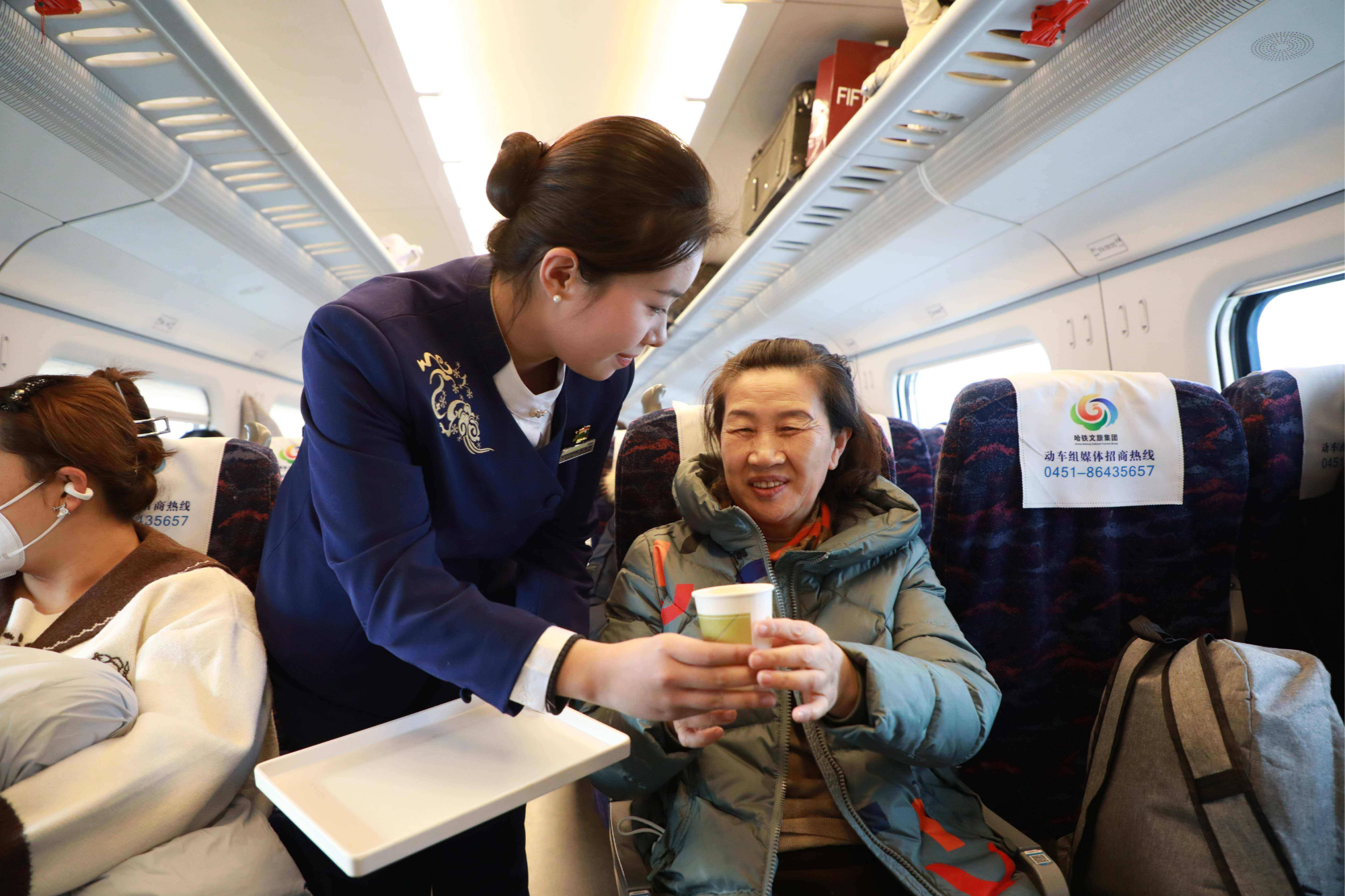 除了环境布置,丰富多彩的文化互动活动更是拉近了工作人员与旅客的距离。在佳木斯开往哈尔滨的C942次列车上,哈佳动车车队的工作人员与旅客一起唱歌、合影,共同迎接新年。旅客们纷纷拿出手机记录这难忘瞬间,向家人朋友送上云端祝福。
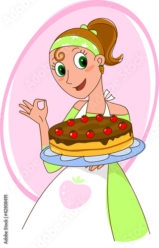 Woman cooking pizza at home. Vector illustration in retro comic pop art style.
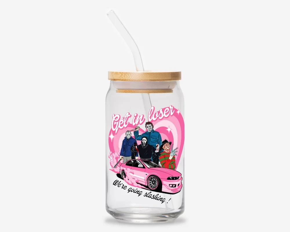 Get In Loser, “We’re Going Slashing” Horror Slasher Glass Can Tumbler

------------------------------

* **EXERCISE**
Leaving out all pictures, retype exactly the lines that run from the one containing "Woman cooking pizza" through the last line of the material.

* **RESPONSE TO THIS EXERCISE**
 Woman cooking pizza at home. Vector illustration in retro comic pop art style.
 Get In Loser, “We’re Going Slashing” Horror Slasher Glass Can Tumbler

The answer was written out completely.